Com 15 anos de existência, a Lei do Cibercrime em Portugal vê a sua robustez testada pelas ameaças crescentes e cada vez mais sofisticadas. Ao mesmo tempo, o quadro normativo português enfrenta o desafio de acompanhar o ritmo regulatório da União Europeia

Por Rita Sousa e Silva . 09/04/2024

Lei do Cibercrime: no compasso das ameaças digitais

Os últimos anos têm sido marcados por avanços tecnológicos cada vez mais rápidos e significativos que, não obstante o vasto leque de benefícios que vieram impulsionar, indissociavelmente abriram portas para novas oportunidades para os cibercriminosos, como o ransomware, o phishing e o Cybercrime-as-a-Service.

Passaram-se 15 anos desde a consolidação da Lei n.º 109/2009 – a Lei do Cibercrime em Portugal. Desde então, têm emergido tecnologias disruptivas, como a inteligência artificial e ferramentas generativas, que possibilitam a sofisticação da atividade cibercriminosa.

Ao mesmo tempo, a preocupação internacional com as crescentes ameaças desencadeou o surgimento de um conjunto notório de instrumentos legislativos sobretudo pela mão da União Europeia (UE), que estabeleceu o precedente de uma tendência regulatória que visa garantir a proteção dos cidadãos e das instituições públicas e privadas no ciberespaço.

O quadro legal português enfrenta agora o desafio de acompanhar não só o atual contexto de cibersegurança e cibercriminalidade do país, como o ritmo regulatório imposto a nível internacional.

Regular o cibercrime

 

Pedro Verdelho, diretor do Gabinete de Cibercrime da Procuradoria-Geral da República

Como explica Pedro Verdelho, diretor do Gabinete de Cibercrime da Procuradoria-Geral da República, a Lei do Cibercrime consiste num “quadro normativo que pretende responder às necessidades da investigação criminal dos fenómenos da cibercriminalidade”, incluindo normas referentes à tipificação dos crimes, à obtenção de prova digital e à cooperação internacional.

Em termos concretos, a Lei n.º 109/2009 transpõe para a ordem jurídica portuguesa uma Decisão Quadro do Conselho da Europa, relativa a ataques contra sistemas de informação, e a Convenção de Budapeste, a primeira internacional sobre o cibercrime. Trata-se, por conseguinte, de uma “lei declaradamente inspirada nos modelos internacionais”, estando “assim alinhada com as leis mais modernas ao nível global”.

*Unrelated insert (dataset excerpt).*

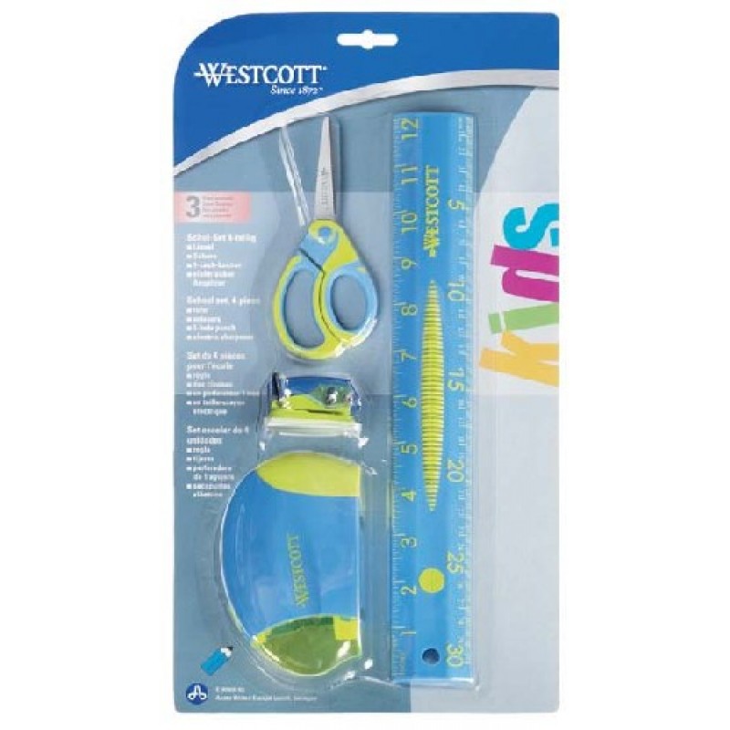 Set accesorii scoala, din plastic color, WESTCOTT - albastru/verde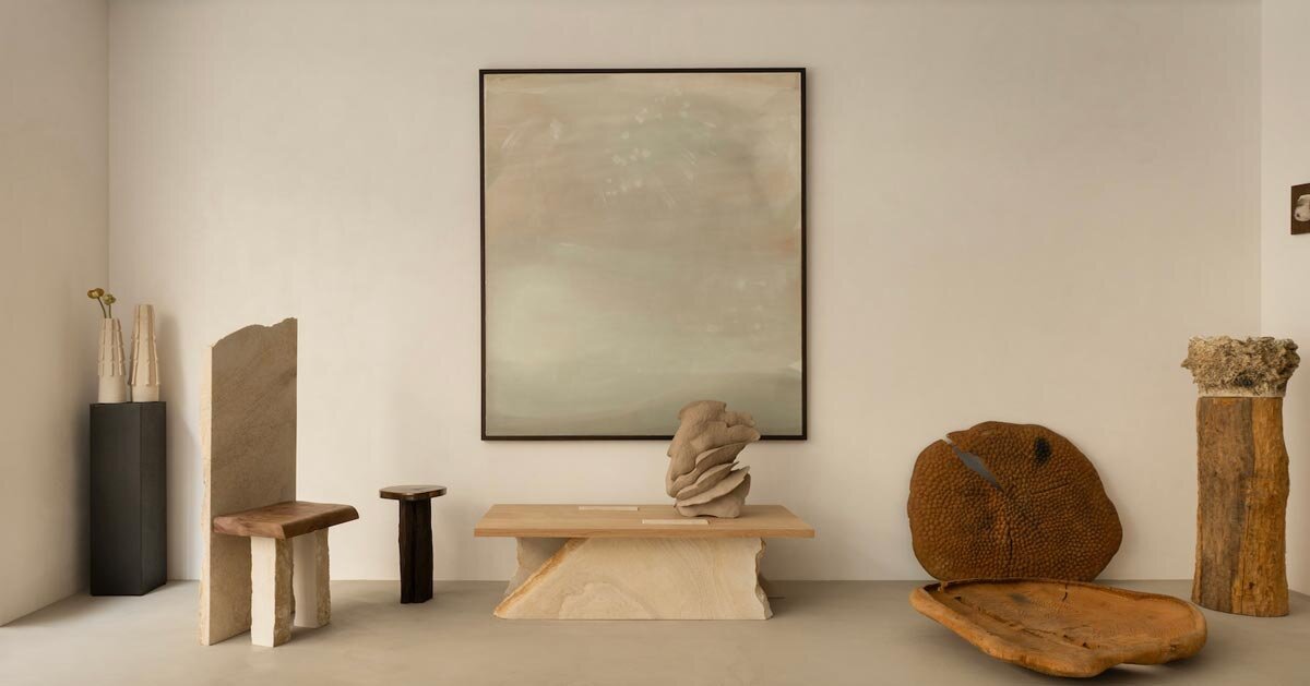SM Bureau presents “Rebirth” on Paris as a spatial composition of a collection design, where the objects in wood, stoneand ceramic define the space they live in. THE report explores how material and light interact to create atmosphere and perception. Rather than a conventional depiction, the work has been conceived as a built environment, where each piece functions as part of a larger spatial system. Furniture, sculptural objects and wall works are placed with attention to proportion, spacing and alignment, creating a quiet and immersive environment between stoa and interior. Material transformation is at the core of the exhibition. Stone is cut into planes that retain traces of extraction, wood reveals its natural growth and irregularities, while ceramic surfaces expand, crack or crystallize during firing. These processes remain visible, allowing each object to carry the memory of its construction.

O diploma legal prevê um conjunto de crimes informáticos, a saber: “a falsidade informática (de forma simplista, a produção de dados ou documentos falsos), a sabotagem informática (entendida como a perturbação de um sistema informático), o acesso ilegítimo, a intercepção ilegítima na transmissão de dados, a reprodução ilegítima de programa protegido, bem como o dano relativo a programas ou outros dados informáticos (ou, por outras palavras, o apagamento ou alteração de dados)”, enumera Joana Mota Agostinho, advogada e sócia coordenadora da área de Propriedade Intelectual, Tecnologias e Meios Digitais da Cuatrecasas.

 Joana Mota Agostinho, advogada e sócia coordenadora da área de Propriedade Intelectual, Tecnologias e Meios Digitais da Cuatrecasas

 

Em 2021, a Lei do Cibercrime sofreu a sua primeira e única alteração, que se deveu à necessidade de transpor para o ordenamento jurídico nacional a Diretiva (UE) 2019/713 do Parlamento Europeu e do Conselho, relativa ao combate à fraude e à contrafação de meios de pagamento não numerário.

As alterações introduzidas à Lei n.º 109/2009, que deram origem à Lei n.º 79/2021, assentaram numa reorganização das normais penais no que respeita aos crimes contra meios de pagamento não corpóreos que, “embora estivessem já incluídos na lei, estavam dispersos e 'desarrumados', entre a Lei do Cibercrime e o Código Penal”, esclarece Pedro Verdelho.

Adaptar a lei à realidade

Três anos passados desde última revisão à Lei do Cibercrime, a emergência de tecnologias cada vez mais poderosas e disruptivas muniu os cibercriminosos de um arsenal de novas ferramentas, táticas e vetores de ataque. Isto reflete-se nos dados mais recentes da Procuradoria-Geral da República, que registou 1.363 queixas nos primeiros meses de 2023, mais 511 em comparação com o período homólogo do ano anterior.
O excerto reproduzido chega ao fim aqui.